Фёдор Борковский видел разные концлагеря, и немецкие, и советские. В нескольких сидел сам, так сложилась жизнь. Борковский не хотел их сравнивать, потому что и те, и другие считал химически чистым злом. Если бы лагеря несли только смерть, он мысленно вынес бы их за черту жизни, все мы смертны, в конце концов, но они опирались на страх смерти, внезапной и неизменно мучительной. Этот страх уродовал людей; не имея сил противостоять тюремщикам на равных, заключенные обращали ненависть друг против друга, а следом и против всего мира, против всех, кто не знал, не мог представить пережитого ими. Лагеря прививали опыт зла, а любое зло обесценивает жизнь.

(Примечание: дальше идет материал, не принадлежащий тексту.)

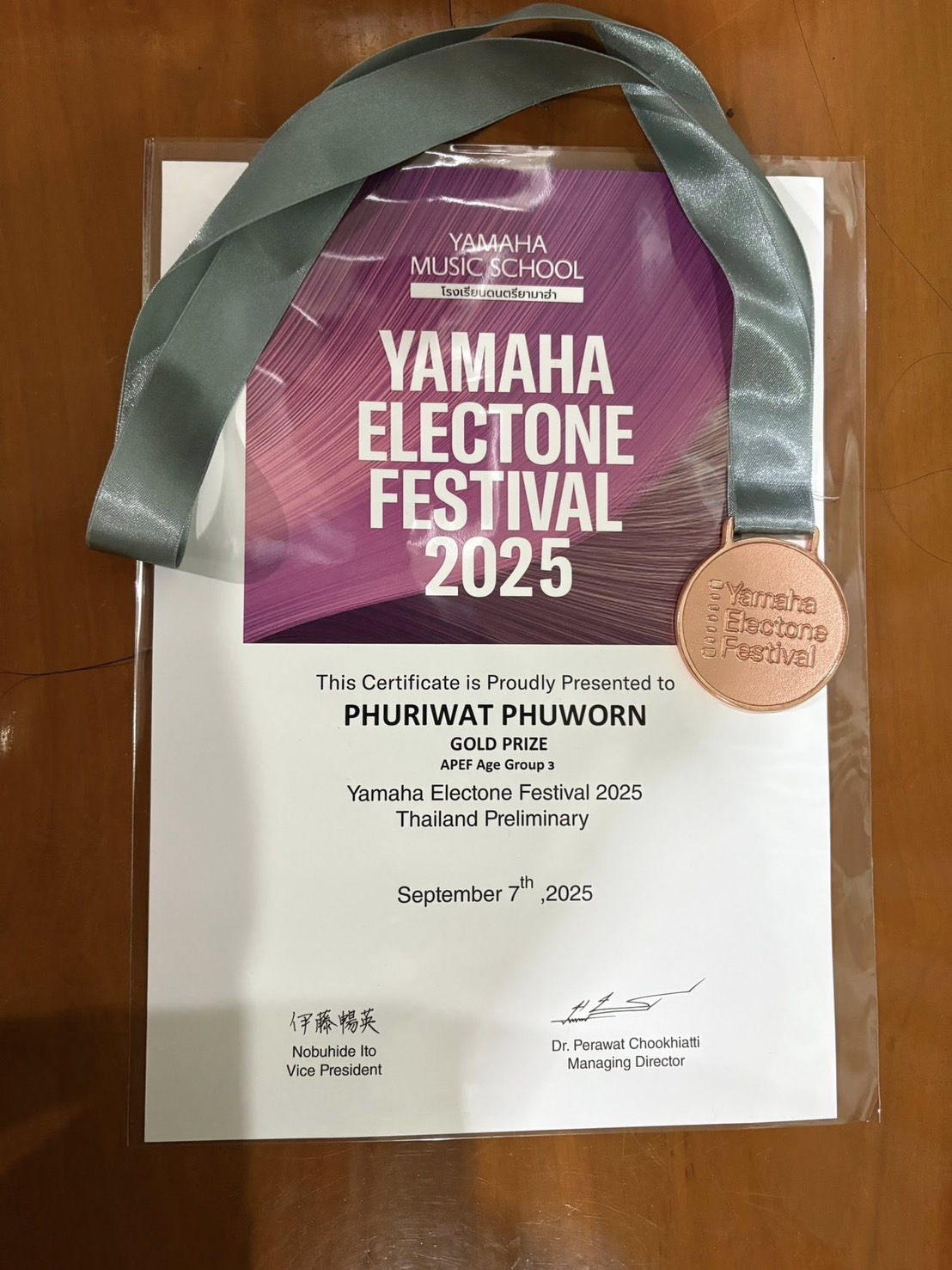 โรงเรียนภูเก็ตวิทยาลัยขอแสดงความชื่นชม ยินดี เด็กชายภูริวัฒน์ ภู่วรณ์ ม.1/2 รางวัล Gold Prize รุ่น APEF Age Group 3 (12 - 14 ปี) การแข่งขันในรายการ Yamaha Electone Festival 2025 (YEF2025) วันที่ 7 กันยายน 2568 ณ YDACC ชั้น M อาคารสยามปทุมวัน เฮ้าส์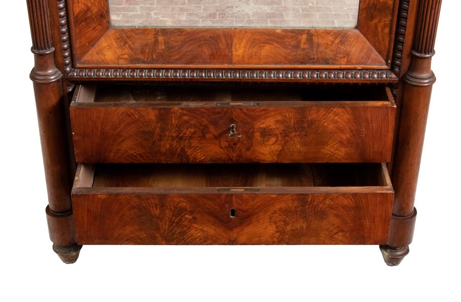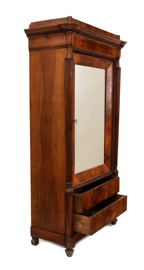 Altezza x larghezza x profondità: 212 x 115 x 55 cm. in legno di noce e piuma di noce con specchio centrale e due cassetti; colonnine scanalate poste sui lati.

Его взяли в двадцать девятом по делу СВУ [14] и осудили на десять лет, как Ефремова. Этим сроком он даже гордился; никакой Спілки не существовало, во всяком случае, Борковский о ней ничего не знал, а приговор ему вынесли как организаторам. Так ГПУ оценило его старые заслуги, в этом тоже сомнений не было — в восемнадцатом он воевал с большевиками, воевал бы и дальше, но был тяжело ранен. От своих взглядов он не отказывался, не менял их никогда, но давно держал при себе. Уже в двадцатых круг его единомышленников поредел и истончился, почти все старые друзья и командиры погибли. Одних убили в эмиграции, как Петлюру и Коновальца, других расстреляли красные. О судьбах многих он ничего не слышал и не знал.

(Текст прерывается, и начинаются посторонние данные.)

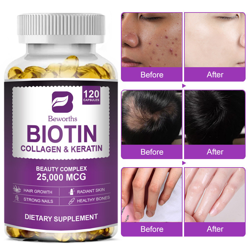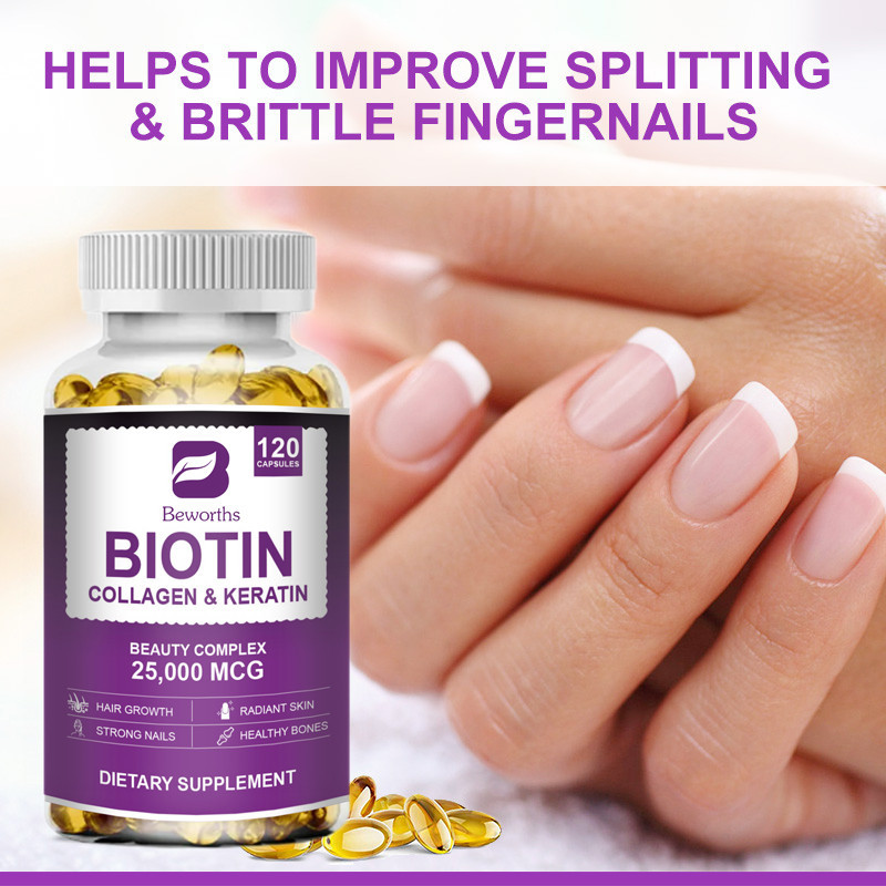 CICILAN TANPA DP BEWORTHS Biotin Vitamins Capsules with Collagen & Keratin 25000 mcg for Healthy Hair Nails & Bones Rad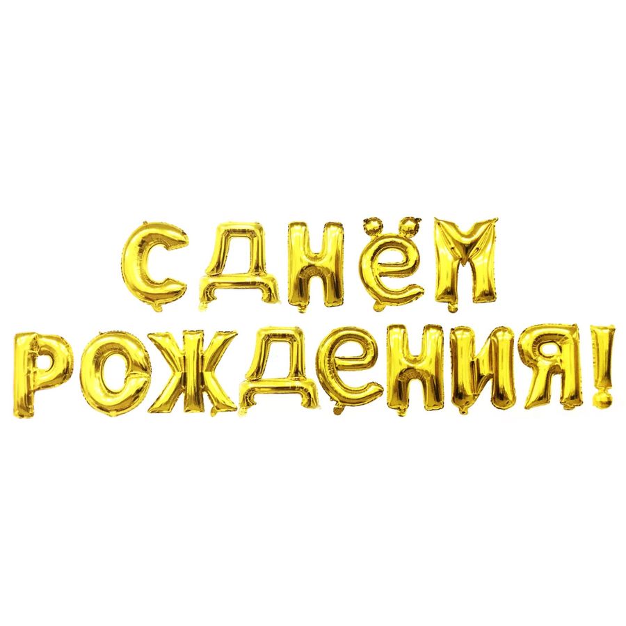 Шар Ф 16″ С Днем рождения ШАРЫ-БУКВЫ золото набор 13шт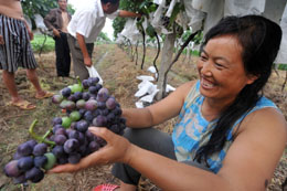 近兩年來,大包干發(fā)源地——安徽省鳳陽縣小崗村在縣有關(guān)專家的帶動下,通過土地整合,發(fā)展農(nóng)業(yè)特色經(jīng)濟(jì),開展葡萄、蔬菜、雙苞菇、苗木花卉等經(jīng)濟(jì)作物的推廣,僅葡萄種植達(dá)600畝,使每戶提高收入2000多元。

Отбывать приговор Борковского отправили сперва на Соловки, «к Кальнишевскому», как писал он жене, а позже, незадолго до закрытия СЛОНа, этапировали в Карелию. Борковский выжил, вышел, как считал, не уронив себя, и вычеркнул бы красные лагеря из памяти, но они его не отпускали, временами возвращались во снах, и сделать с этим он ничего не мог.
Снилась дорога на Секирную, крутой подъём по обмёрзшим льдом деревянным ступеням лестницы. Почему на них зимой всегда намерзал лёд? Может, из-за климата? Был бы он естественником, наверное, нашёл бы ответ. Но Борковский был военным, объяснения он не знал, и ему год за годом, сперва в лагерях, а потом и здесь, в Полтаве, снился стеклянный, отполированный ногами заключённых, лёд на ступенях лестницы, поднимавшейся на Секирную гору.
В конце сентября, когда Полтава жила под немцами вторую неделю, к нему домой явился ефрейтор из городской комендатуры. Это были мрачные дни — горели промышленные окраины Полтавы, и погасить пожары не могли. Немцы искали поджигателей, в городе говорили о ежедневных расстрелах.
Борковский не знал, кому он понадобился и для чего, не понимал, откуда в комендатуре вообще знают о его существовании. Здравый смысл подсказывал, что вызывать могли лишь для разговора, ни для чего другого, но давно и хорошо знакомое ощущение близкой опасности не оставляло Борковского всю дорогу.
Ефрейтор привёл его в комнату на втором этаже комендатуры, вся обстановка которой состояла из стола и двух стульев. Стены в пятнах осыпавшейся штукатурки напоминали огромные контурные карты. Его оставили одного посреди гулкой тишины этой комнаты с маленькими запылёнными окнами, и Борковский почувствовал себя школьником, ожидающим вызова на экзамен.
Минуту спустя в комнату вошёл офицер, бегло кивнул ему и, не подав руки, прошёл к столу.
— Вы говорите по-немецки? — спросил офицер, не представившись.
— Да, — не слишком уверенно ответил Борковский.